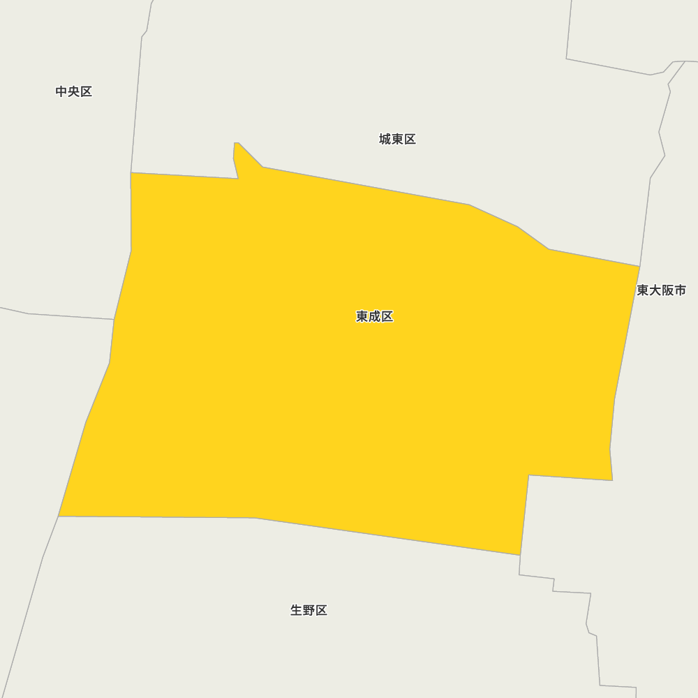 大阪府大阪市東成区の地図を表示します。 マップ・イットは、地図素材や白地図が無料でダウンロードできるサイトです。印刷やWebなどの素材として商用利用できます。対応する地域は日本全域、八地方区分、47都道府県、政令指定都市、特別区、市町村です。
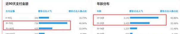 90天的支付金额,可以查看客单价平均保持在什么水平,年龄分布可以准确的推测出我们店铺的消费人群。有了这些数据,在经过一段时间的分析观察,人群基本就可以定位准确了。
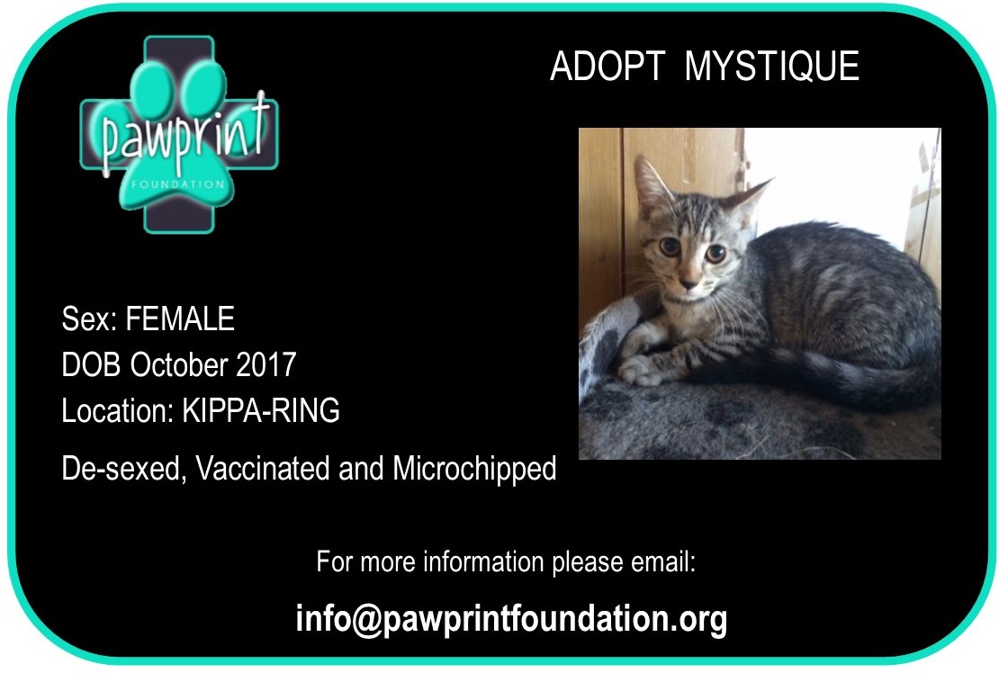 Mystique has had all her vet work done & is vaccinated, mirco-chipped and de-sexed. She playful, energic and has a Cheeky side!

* Work required: When you retype the material above, keep every word exact and drop the images.

* Finished task:
 大阪府大阪市東成区の地図を表示します。 マップ・イットは、地図素材や白地図が無料でダウンロードできるサイトです。印刷やWebなどの素材として商用利用できます。対応する地域は日本全域、八地方区分、47都道府県、政令指定都市、特別区、市町村です。
 90天的支付金额,可以查看客单价平均保持在什么水平,年龄分布可以准确的推测出我们店铺的消费人群。有了这些数据,在经过一段时间的分析观察,人群基本就可以定位准确了。
 Mystique has had all her vet work done & is vaccinated, mirco-chipped and de-sexed. She playful, energic and has a Cheeky side!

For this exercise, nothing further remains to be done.